«Serve fare qualcosa. Ho scritto una lettera alla Uefa chiedendo di avere un dialogo costruttivo su quanto abbiamo visto fare ad altre squadre. Quando guardiamo ad alcune sanzioni o alla scarsità di pene inflitte, il mio punto di vista è: perché mi sto preoccupando del Financial Fair Play, non è meglio prendere dodici milioni di euro di multa e accettarla?»

Questa è la considerazione espressa dal presidente della Roma James Pallotta in una lettera - riportata da "Il Romanista" - inviata ai vertici Uefa per chieder conto del Fair Play Finanziario e delle modalità con cui viene gestita e valutata la sua applicazione.

Una lettera immotivata? Per nulla. A causa del FPF, la Roma - e così altre squadre - ha dovuto rinunciare ad alcuni dei suoi giocatori simbolo per rispettare i paletti inflitti dall'Uefa su pareggio di bilancio, rapporto monte ingaggi/fatturato, finanziamenti. Altre società, colte in fallo, non sembrano essersi date pena di seguire le regole, ricorrendo anche ad operazioni fittizie o camuffate, false sponsorizzazioni...

Quindi, perché alcuni dovrebbero rispettare le regole se altri invece non lo fanno?

Dal punto di vista delle penalità, in fondo, non sembrerebbero esserci neppure grossi problemi.

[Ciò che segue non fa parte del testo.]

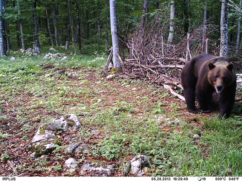 MEDO LJUTOČ

Infatti, se ignorare le regole può costare una multa da 10 o 20 milioni per mettere però in piedi una squadra che può garantire l'ingresso in Champions League, è conveniente farlo, visto che solo la partecipazione al torneo di qualificazione porta nelle casse di una società perlomeno circa 30 milioni di euro.

E c'è da credere che scrivendo quella lettera Pallotta non abbia pensato proprio al Milan che, nonostante sia nelle more del FPF, solo nello scorso mercato di Gennaio ha speso oltre 70 milioni di euro, di cui la metà in pronta cassa, per rinforzare la squadra. Siamo sicuri che così si rispetti il FPF?